**What is expected**:
Leaving the pictures aside, repeat every line below exactly.

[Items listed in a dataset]
[Start of Attachment]
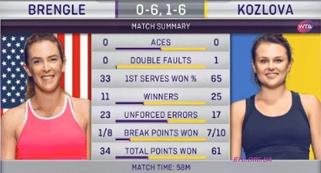 Катерина Козлова (Украина) – Мэдисон Бренгл (США) – 6:0, 6:1
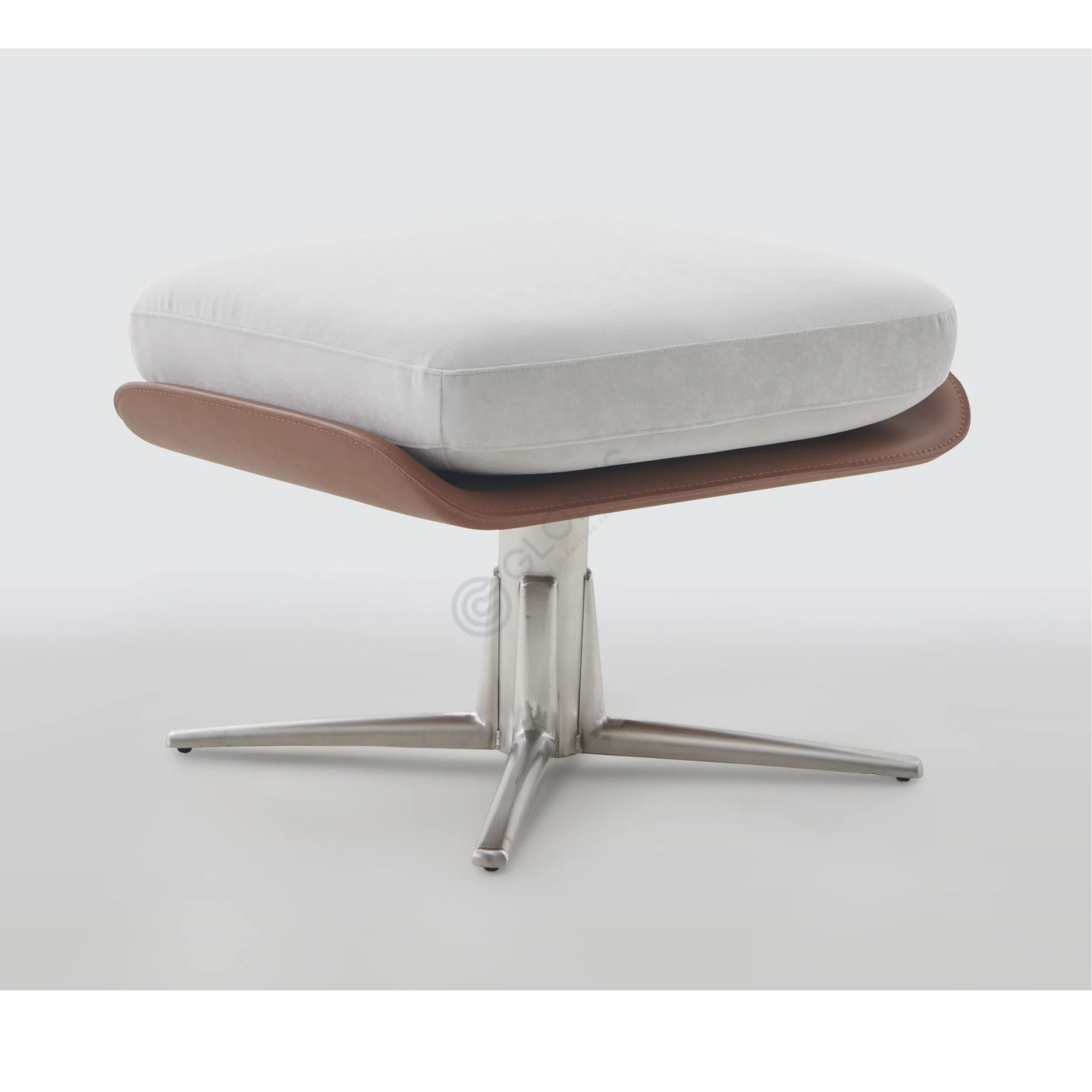 Supporting the armchair is a sleek four-star base rendered in polished stainless steel. This robust base provides stability and adds a contemporary touch to the overall design. Suitable for a living room, this armchair serves as a stylish and comfortable focal point.
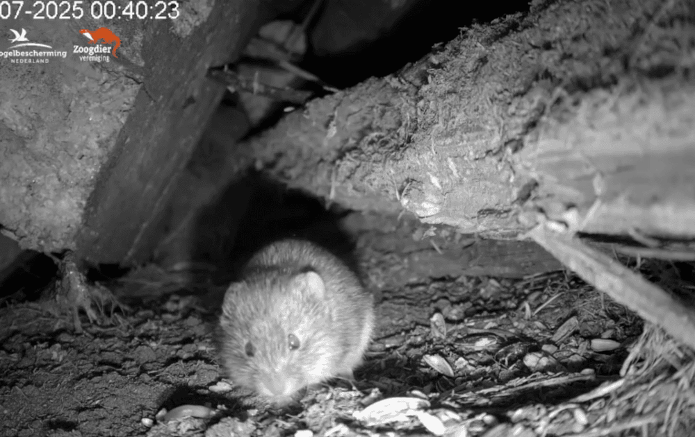 Hebben we tot nu toe 's nachts vooral de bosmuis voor de camera gehad, nu is juist midden in de nacht de woelmuis te zien. Al heeft het beestje wel een beetje het heen en weer...
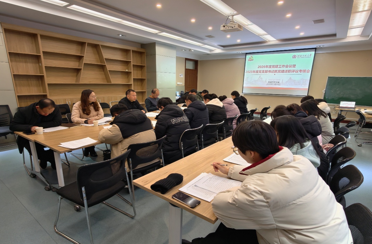 为落实管党治党政治责任,严肃党内政治生活,推动全面从严治党向基层延伸,1月19日下午,我院召开2026年度党建工作会议暨2025年度党支部书记抓党建述职评议考核会。学院党政领导、党委委员、各党支部书记和党员代表参加了会议。会议由学院党委副书记刘宁主持。
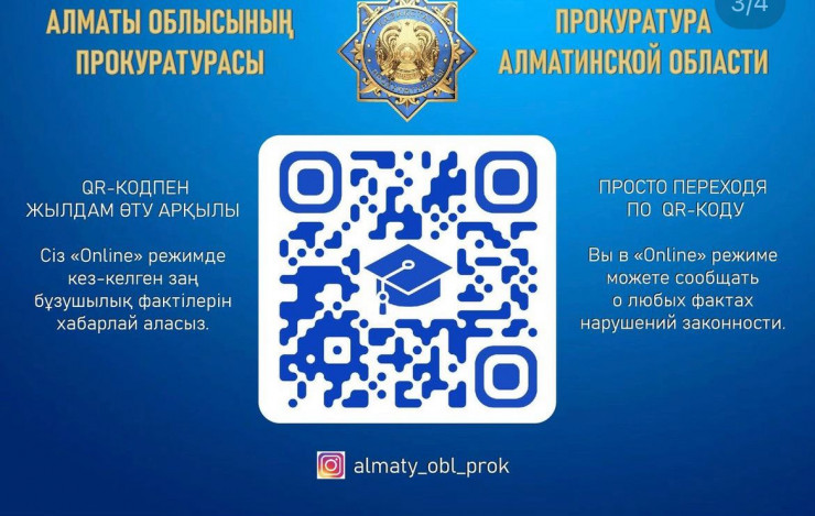 "Стоит отметить, во всех учреждениях образования размещен QR-код прокуратуры Алматинской области, с помощью которого граждане могут сообщить о всех имеющихся фактах различного рода правонарушений, сигнал о которых незамедлительно поступает прокурорам, которые в свою очередь принимают меры в соответствии действующим законам", - добавили прокуроры.
[End of Attachment]
**Exercise result**:
 Катерина Козлова (Украина) – Мэдисон Бренгл (США) – 6:0, 6:1
 Supporting the armchair is a sleek four-star base rendered in polished stainless steel. This robust base provides stability and adds a contemporary touch to the overall design. Suitable for a living room, this armchair serves as a stylish and comfortable focal point.
 Hebben we tot nu toe 's nachts vooral de bosmuis voor de camera gehad, nu is juist midden in de nacht de woelmuis te zien. Al heeft het beestje wel een beetje het heen en weer...
 为落实管党治党政治责任,严肃党内政治生活,推动全面从严治党向基层延伸,1月19日下午,我院召开2026年度党建工作会议暨2025年度党支部书记抓党建述职评议考核会。学院党政领导、党委委员、各党支部书记和党员代表参加了会议。会议由学院党委副书记刘宁主持。
 "Стоит отметить, во всех учреждениях образования размещен QR-код прокуратуры Алматинской области, с помощью которого граждане могут сообщить о всех имеющихся фактах различного рода правонарушений, сигнал о которых незамедлительно поступает прокурорам, которые в свою очередь принимают меры в соответствии действующим законам", - добавили прокуроры.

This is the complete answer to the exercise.